Anybody having problems with this yet? I had a first time LESI get denied today because “it has not been 3 months yet for repeat lumbar injection”, with our AI overlords considering the CESI I did 2 months ago as apparently a low back injection. Resubmitted with an angry addendum and will hopefully be approved the 2nd go round, it is just insane to have to write out “cervical and lumbar are actually different areas of the body”.
 
Anybody having problems with this yet? I had a first time LESI get denied today because “it has not been 3 months yet for repeat lumbar injection”, with our AI overlords considering the CESI I did 2 months ago as apparently a low back injection. Resubmitted with an angry addendum and will hopefully be approved the 2nd go round, it is just insane to have to write out “cervical and lumbar are actually different areas of the body”.
Wiser recs allow you to do a repeat in a few weeks but you have to go to another area or use another technique.

Haven't had any denials yet but some are taking 3-5 days to approve.
 
Wiser recs allow you to do a repeat in a few weeks but you have to go to another area or use another technique.

Haven't had any denials yet but some are taking 3-5 days to approve.

Wasn’t a repeat. I did cervical ESI in November. Requesting lumbar ESI now. But I “did a low back injection in November and it hasn’t been 3 months so can’t repeat”. It’s just stupid.
 
Wasn’t a repeat. I did cervical ESI in November. Requesting lumbar ESI now. But I “did a low back injection in November and it hasn’t been 3 months so can’t repeat”. It’s just stupid.
That is
 
Anybody having problems with this yet?

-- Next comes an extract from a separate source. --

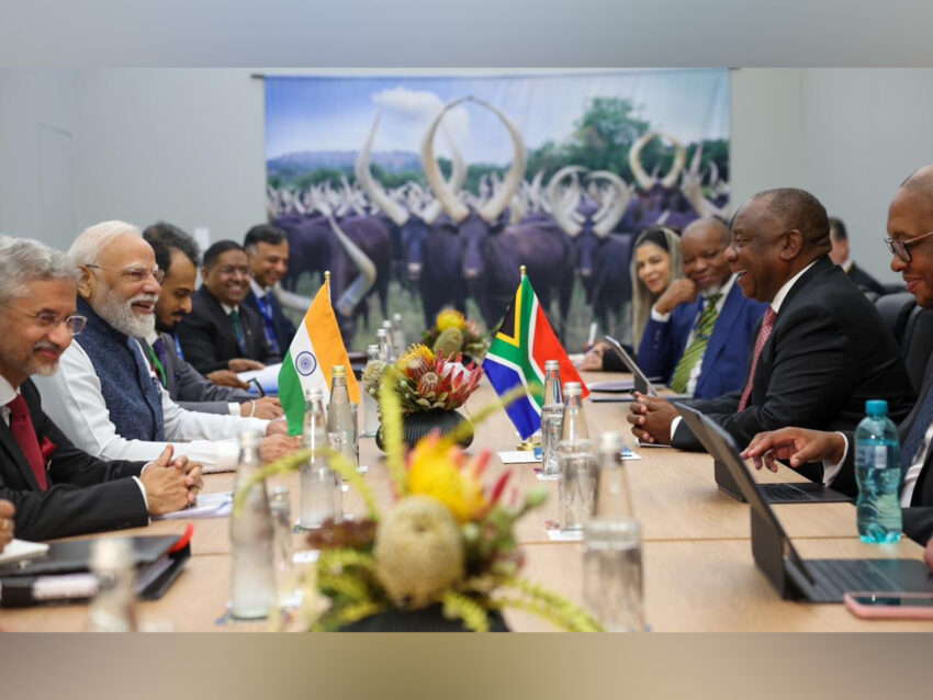 Sharing visuals of the meeting, South Africa’s Presidency wrote on X, “His Excellency President Cyril Ramaphosa is in a bilateral meeting with His Excellency Prime Minister Narendra Modi of the Republic of India on the margins of the Group of Twenty (G20) Leaders’ Summit hosted by South Africa. Johannesburg EXPO Centre, Gauteng.”

I had a first time LESI get denied today because “it has not been 3 months yet for repeat lumbar injection”, with our AI overlords considering the CESI I did 2 months ago as apparently a low back injection. Resubmitted with an angry addendum and will hopefully be approved the 2nd go round, it is just insane to have to write out “cervical and lumbar are actually different areas of the body”.
for some insurances (medicaid advantage) so far, < 3 month is a hard no for same level, but no pushback against other areas.

with regards to repeat injection, i am now submitting on exactly 90 days post procedure to get next approved, so patients are technically getting it 3 months + 3 weeks afterwards.
 
Wasn’t a repeat. I did cervical ESI in November. Requesting lumbar ESI now. But I “did a low back injection in November and it hasn’t been 3 months so can’t repeat”. It’s just stupid.
Did you submit it yourself? Any chance a staff input the wrong CPT and ICD 10 codes?
 
Did you submit it yourself? Any chance a staff input the wrong CPT and ICD 10 codes?

I did not, hospital staff did. I reviewed the denial letter though, correct CPT code was used and they included my clinic note with correct documentation. Everything was submitted correctly.